Here’s the deal. There’s a space somewhere in-between a frustrating situation and your primitive reaction. The key is finding that sweet spot. Imagine someone scolds you on your cell phone, and you hold it away from your ear without reacting. Similarly, when you catch yourself in an unpleasant emotional state—such as anger, worry, or frustration—acknowledge your knee-jerk urge to react and hold it at arm’s length. Observe it from afar just as you might notice a blemish on your hand.

Suppose you have an urge to yell at your weed-eater wielding neighbor or your carpet-peeing pooch. Find your sweet spot and pause, take a breath, and observe the primitive urge with curiosity as an ancient part of you. As you watch it, you realize the urge isn’t you at all. After observing the simmering firestorm without automatically reacting, you’ll notice that it flickers out in a short amount of time. The present-moment, nonjudgmental awareness of your internal reaction helps you chill. After a period of dedicated practice, you’re able to rewire your brain to remain cool under pressure. As you practice stilling your mind and body under the most challenging circumstances, you start to notice that frustrating situations are less likely to get under your skin.

Wouldn’t It Be Nice If . . . We Could Take the Longest Journey?

The longest journey you and I will ever make is the eighteen inches between our head and heart. Automatic reactions such as impatience, judgment, frustration, and anger reside in your survival mind. When you live in that place too long, it keeps you safe from harm but blocks you from happiness. When you take the journey from your survival mind to your heart, something inside shifts and neutralizes your misery.

Are you up for the toughest challenge of all? It’s a tall order. Staying calm when things around you are falling apart isn’t easy but not impossible, either. A kind word diffuses a sour attitude. Calm in the face of hysteria has a soothing effect. Compliments reverse aspersions. Heartspeak allows you to act instead of react in upsetting situations.

Consider this: what if you could love everything that comes between you and your agenda—everything that disturbs the tranquility of your soul?
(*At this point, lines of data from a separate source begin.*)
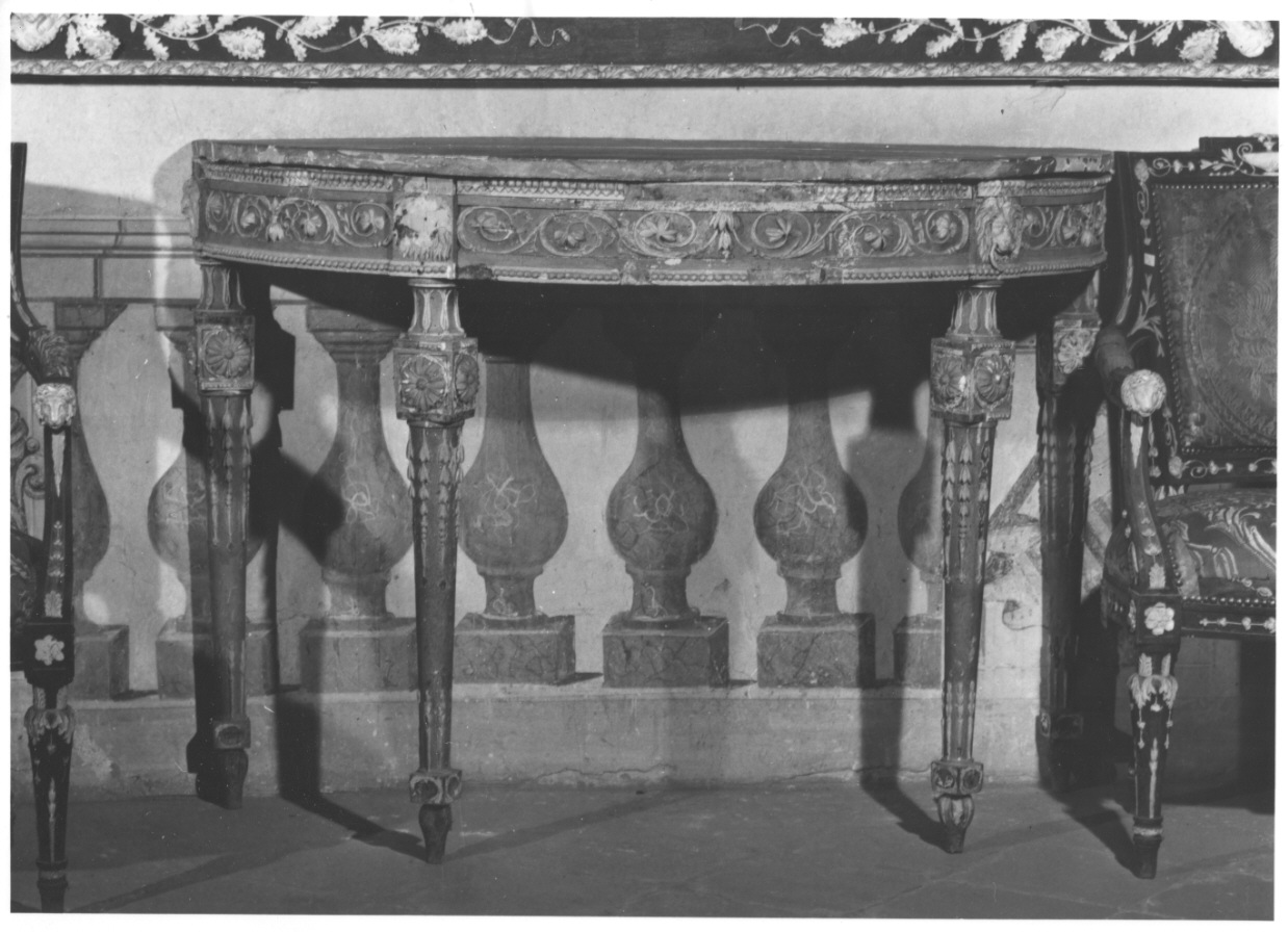 Semicircolare, su quattro gambe tronco-coniche a serti fitomorfi pendenti, con dado sopra al piede a bulbo rovesciato e presso la fascia sottopiano, ove è ornato da margherite. Fascia sottopiano decorata in rilievo da girali fitomorfi, recante protomi leonine in corrispondenza delle gambe. Piano ligneo grezzo di colore verde. Fondo verde veronese, rilievi avorio
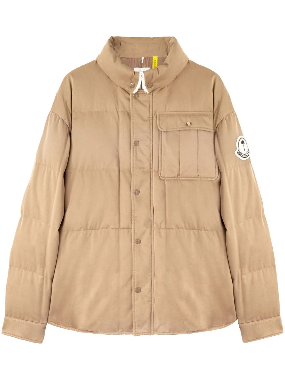 x Moncler logo-applique puffer jacket Palm Angels and Moncler team up once again to present the Fieldrush puffer jacket. Crafted in Italy, it arrives in an understated beige hue and is defined by its quilted construction. In signature Moncler fashion, a logo patch adorns the left sleeve – this time nodding towards the collaborative nature of the piece. Highlights - Beige - Cotton - Padded design - High neck - Front press-stud and zip fastening - Long sleeves - Logo patch at the sleeve - Chest flap pocket - Straight hem - When buying this unisex item, keep in mind that it is graded in standard men's sizing Imported Composition Outer: Cotton 100% Lining: Polyamide 100% Washing instructions Read Manufacturer Guidelines
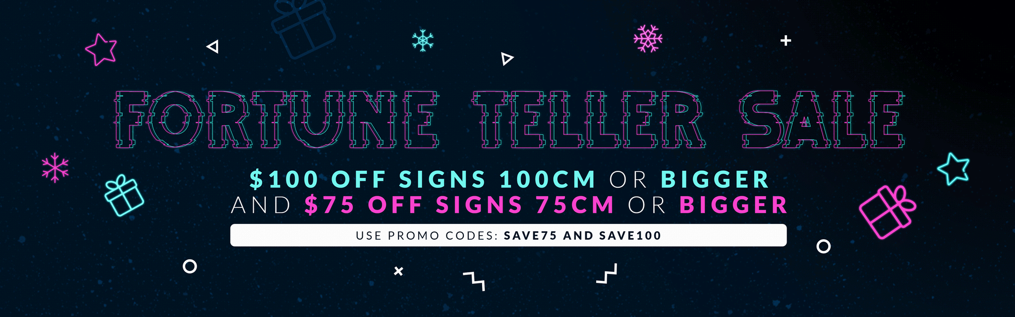 Or promo code "SAVE100" to get $100 off any sign sized 100cm or bigger!
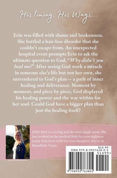 Discover a Story of Faith, Healing, and Surrender... In His Choosing, Erin May takes you on an intimate journey through pain, perseverance, and divine purpose. Battling a relentless hair-loss disorder and haunted by shame and brokenness, Erin finds herself questioning God-"Why didn't you heal me?" But when a miraculous healing touches someone else's life, Erin is faced with a choice: cling to bitterness or surrender to God's greater plan. What follows is a powerful testimony of inner healing, trust, and the quiet work of a faithful God who restores piece by piece. This moving account will encourage anyone waiting for their breakthrough to see that sometimes, the healing God offers is deeper than we imagined. Written by Erin May, this book is a must-read for anyone navigating unanswered prayers and seeking hope in the silence.
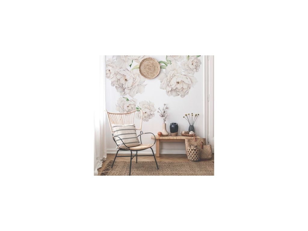 Samolepka na zeď - pivoňky-velké BÍLÉ - BAZAR
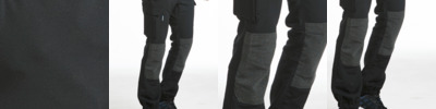 98% cotton/2% elastane. Kingsmill cotton stretch fabric. Ergonomic slim fit. High rise rear waistband with belt loops. Zip fly with branded button over. Two side pockets. Rear patch pockets. Ruler pocket. Multi-use cargo pockets. Pre-bent knees. Adjustable leg length reg 31" to tall 33". Bar tacking on all stress points. Branding on rear belt loop and right pocket seam.
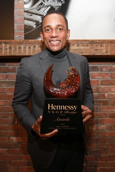 Hill Harper accepts the Hennessy V.S.O.P Privilège Award for his dedication to empowering the next generation of multicultural professionals on in New York City.
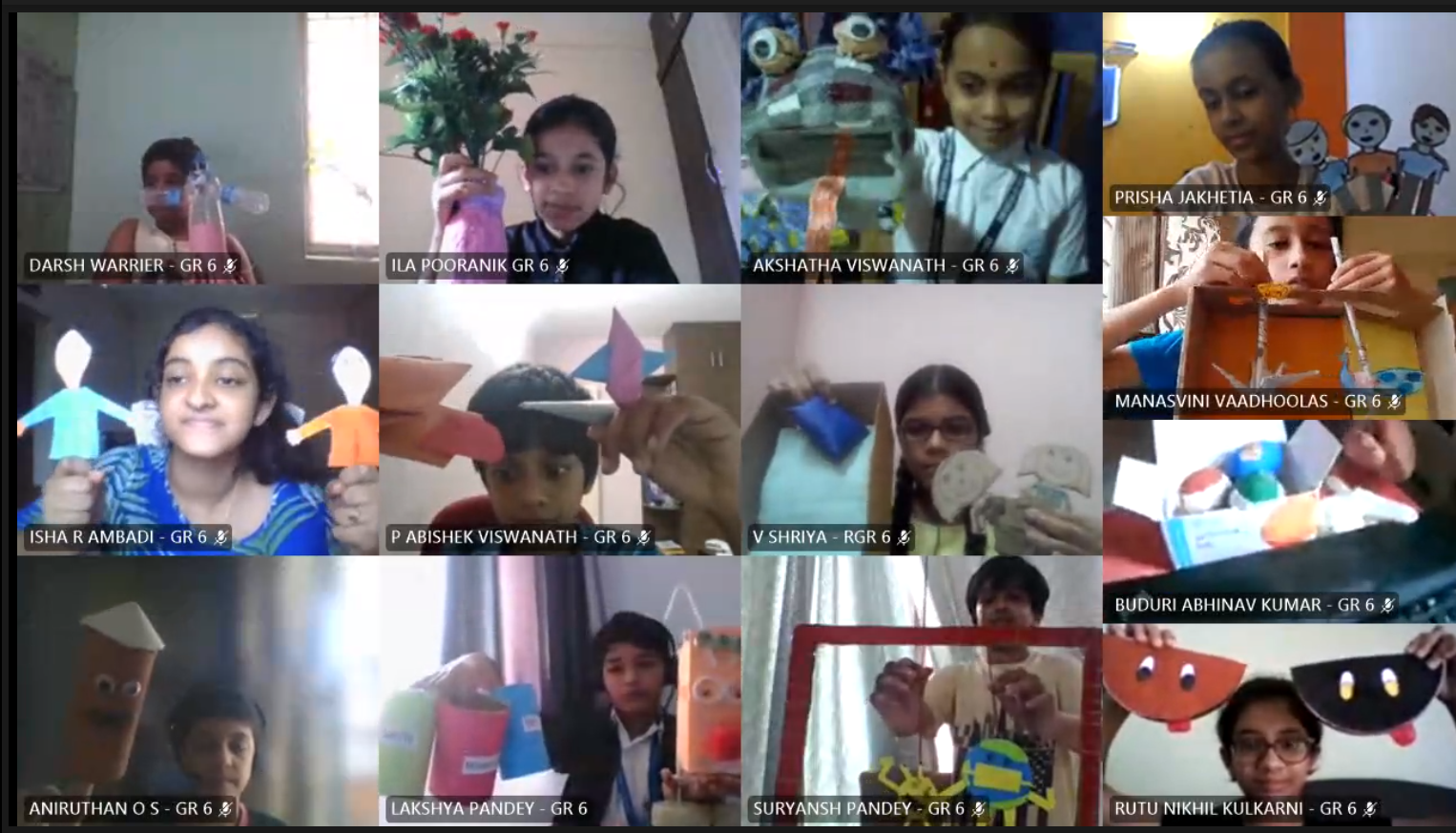 The students of Grade 6 of VYDEHI SCHOOL OF EXCELLENCE eagerly participated and displayed some interesting and noteworthy themes such as, SAVE WATER, HOW TO OVERCOME THIS PANDEMIC, HELP EACH OTHER, STOP USING PLASTIC, etc, by using leftover or used material at home itself. This activity not only promoted them to know the importance of reusing the waste materials to create something unique but also gave them the platform to showcase their talents of oration and narration. Because of this activity, the students had to plan and prepare their presentation, make a story of their own, brushing their creative side and finally presenting individually which enhance their confidence and ability to speak in crowd and gain communication skills.

What if you tried forgiving the shopper who unknowingly steps in front of you in line, the driver who cuts you off in traffic, the ingrown toenail, the itchy shirt, your party-hardy neighbor, the ringing phone, the air conditioner on the blink, the swimmer who splashes you during a belly dive, the roaring motorcycle, the offline computer, the crying baby on an airplane, the barking mutt next door, the mosquito bites up and down your legs, or the family member who fails, forgets, or makes a mistake?
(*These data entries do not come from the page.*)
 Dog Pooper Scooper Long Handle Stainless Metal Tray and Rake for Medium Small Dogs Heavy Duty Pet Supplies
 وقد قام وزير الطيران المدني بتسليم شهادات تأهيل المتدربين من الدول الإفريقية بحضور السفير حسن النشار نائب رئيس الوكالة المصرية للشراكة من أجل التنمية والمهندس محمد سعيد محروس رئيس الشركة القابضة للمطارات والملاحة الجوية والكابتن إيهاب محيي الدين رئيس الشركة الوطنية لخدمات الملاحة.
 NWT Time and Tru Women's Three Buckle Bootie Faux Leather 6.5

One way to do your part to make the world a better place is to consider that a piece of you resides in every person you meet. Every person on the planet who makes you miserable or causes you to react, is like you—a human being, most likely doing the best they can, deeply loved by their parents, a child, or a friend. And how many times have you accidentally stepped in front of someone in line? Cut someone off in traffic? Splashed someone in a pool? Interrupted or disturbed someone? Made a mistake, failed at something, or forgot? Bumped into someone in a crowd? Snapped at somebody? Freaked out over a missed plane or a broken pipe?
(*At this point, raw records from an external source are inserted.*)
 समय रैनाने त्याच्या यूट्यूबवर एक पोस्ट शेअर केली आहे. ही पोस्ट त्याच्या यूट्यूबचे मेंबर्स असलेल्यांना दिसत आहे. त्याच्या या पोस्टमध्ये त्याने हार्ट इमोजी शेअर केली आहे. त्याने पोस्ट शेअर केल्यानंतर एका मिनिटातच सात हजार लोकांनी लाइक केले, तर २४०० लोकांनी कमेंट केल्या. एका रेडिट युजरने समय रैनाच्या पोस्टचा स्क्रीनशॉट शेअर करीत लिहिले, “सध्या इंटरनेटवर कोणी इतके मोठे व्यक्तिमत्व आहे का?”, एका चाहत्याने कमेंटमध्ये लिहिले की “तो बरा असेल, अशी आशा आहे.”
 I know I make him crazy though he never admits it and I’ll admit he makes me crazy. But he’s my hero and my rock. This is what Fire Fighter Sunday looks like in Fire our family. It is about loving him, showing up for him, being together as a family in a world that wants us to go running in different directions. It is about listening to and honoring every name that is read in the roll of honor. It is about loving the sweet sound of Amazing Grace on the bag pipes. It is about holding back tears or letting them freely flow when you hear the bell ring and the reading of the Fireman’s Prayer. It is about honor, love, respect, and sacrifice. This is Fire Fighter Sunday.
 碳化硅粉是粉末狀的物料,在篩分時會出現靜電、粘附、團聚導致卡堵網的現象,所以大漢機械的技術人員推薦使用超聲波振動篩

We’re all flawed human beings, but softness (acting) contains more strength and power than hardness (reacting). As you begin the New Year, I challenge you to set the compass of your heart by taking one day to experiment with loving everything and everyone (including yourself) that makes you want to flip your lid. Put yourself in the other person’s place and ask, “Could I have done that?” Then watch what happens inside, how forgiving you feel toward yourself and others, and how much happier you are at the end of the day. The secret to managing your knee-jerk reactions is learning to act instead of react—no matter how difficult the circumstances—by loving everything that gets in your way.